Engraçado,o meu orgulho por um trabalho têm duração efêmera.Dura no máximo vinte
dias,depois disso só percebo os inúmeros defeitos,e fico ruminando sobre um possível trabalho futuro do qual possa me orgulhar de novo,para me decepcionar
algum tempo depois.Sempre recebi muitas cartas de estímulo,mas lembrar-me de
qual HQ causou mais impacto ou choque nos leitores é um esforço inútil.Acho mais
prático lembrar-me de um filme de impacto ou um livro,e até mesmo de um quadro,
do que de uma HQ que eu tenha feito.
-Na época da Vecchi,havia aquele terror urbano;com roteiros geralmente do
Ota, situado em favelas do Rio de Janeiro.Era uma forma de aliviar a violência que já era enorme nos anos oitenta e hoje é totalmente incontrolável?
Acho que o Ota buscava roteiros calcados do cotidiano por comodismo,inspirados nos
noticiários de TV e jornais.Como Hollywood costuma fazer:Guerra fria , serial-killer,terrorismo,narco -tráfico,etc,etc.Experimente ligar a TV
comum, ou a cabo,e visitar uma vídeo -locadora.
-Soube que você criou uma HQ chamada a maldição do AI-5,fale sobre ela.
O roteiro era dos cartunistas Nani e Guidacci,ambos colaboradores assíduos do
Pasquim.Fiquei um pouco receoso na época,devido a minha ficha de ex- preso
político,quando morava em São Paulo.Um dos motivos de minha mudança para o Rio
de Janeiro foi por isso.Já pensou ser preso como reincidente?
-O que vêm a ser o projeto "Gurilândia",que você produziu e aguarda publicação?
Esse projeto não saiu do papel.Era um gibi sobre o mundo dos adultos e seus
conflitos.Guerra,corrupção,sexo e crimes,mas interpretados por crianças.Iria chocar na
época. Hoje não.Meninos e meninas servem ao tráfico de drogas e sexo,e portam armas mortais como gente grande.Na época,
eu tinha essa visão premonitória,só que não previa que isso ocorresse em tão curto espaço de tempo.
-A sua ascendência é japonesa,assim como grande parte de suas histórias se passam
no Japão.Já visitou alguma vez o Japão,ou pensa em visitar para ,entre outras
coisas buscar inspiração?
Não.E nunca tive vontade de conhecer nenhum outro país.Não gosto de me ver em
situações de desconforto físico ou logístico em terras estrangeiras.Mas ainda
acalento um sonho de rodar em um jipe o Brasil de ponta a ponta,explorando o seu
recôndito,conhecendo suas peculiaridades humanas e geográficas.
-Você sempre foi um artista de vanguarda,buscando novos caminhos tanto na
narrativa como nos desenhos,por isso eu acho que seu trabalho têm paralelo com o
de Frank Miller.

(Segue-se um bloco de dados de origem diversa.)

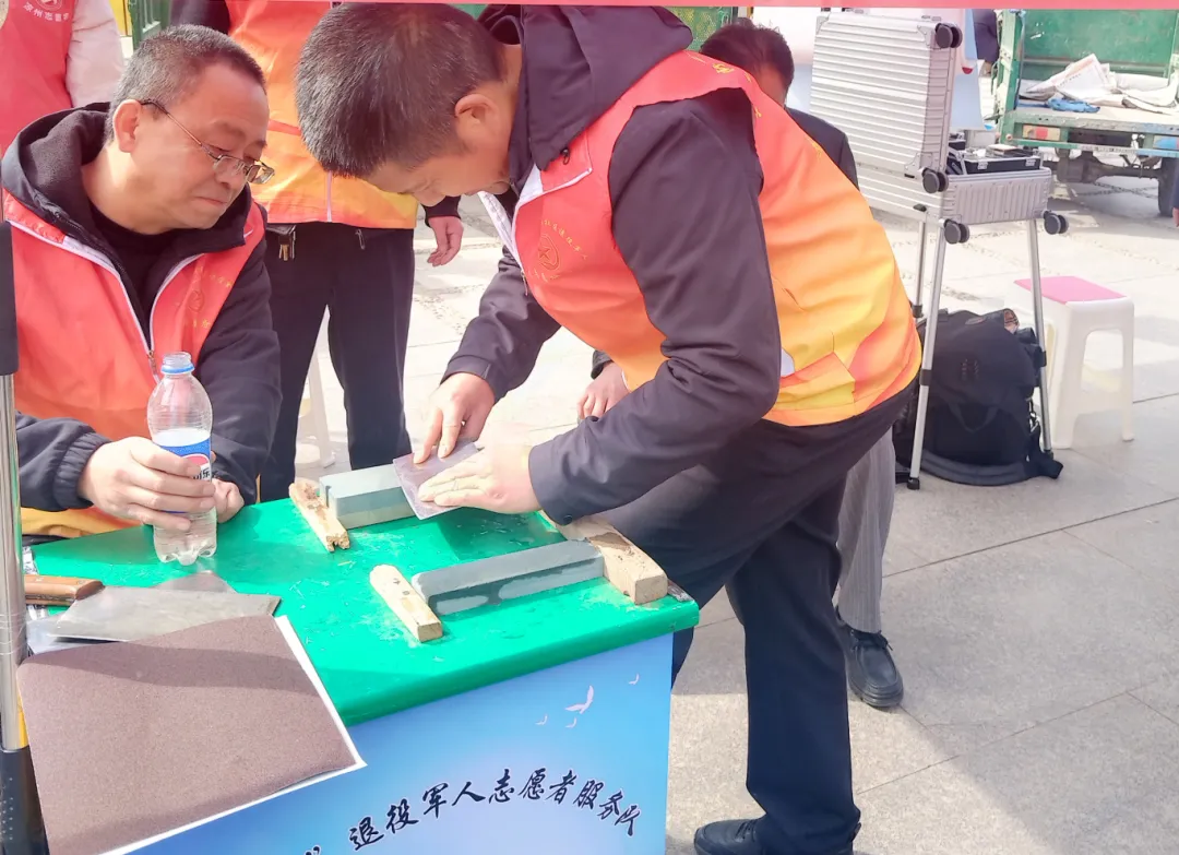 ▲古钟楼社区联合和颜悦色美发开展义剪和社区退役军人志愿服务队免费“磨剪刀、磨菜刀”文明实践活动。
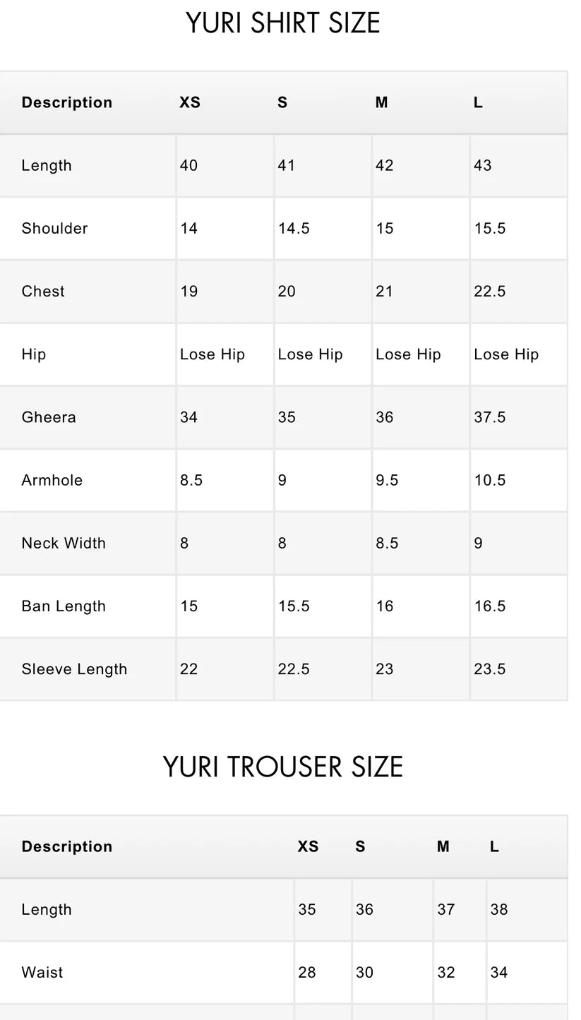 Package Includes: 2pcs Shirt & Trouser, separate scarf

O que acha do trabalho dele,principalmente em"Ronin"?
Vou confessar que não gosto de Frank Miller,a não ser no início de seu trabalho
com o Demolidor,que deu uma oxigenada na maneira de narrativa gráfica e de texto
no universo de super-heróis Detestei "Ronin",mas aplaudo seu grande mérito em ter
descoberto"Lobo Solitário",um gekigá(não mangá)
japonês,uma obra-prima inconteste.
-O que acha do mercado atual de HQs no Brasil?
Há uma grande efervescência,com muita espuma,com parcos resultados
comerciais. Pouquíssimas editoras estão fazendo dinheiro,na verdade.Viver com
exclusividade de quadrinhos não passa de um mero sonho delirante.Mas HQ é como
droga,quem experimenta se vicia .Eu,por exemplo.
-Que conselho daria para quem está começando?
Que o quadrinho vicia,sobretudo para quem faz.Então,mesmo avisado,quem quiser
embarcar neste universo encantado,então que vá fundo,sem se intimidar e nem chorar com as dificuldades que com certeza lhe virá esbarrar.
-Explique esta sua nova técnica de HQs em bexigas.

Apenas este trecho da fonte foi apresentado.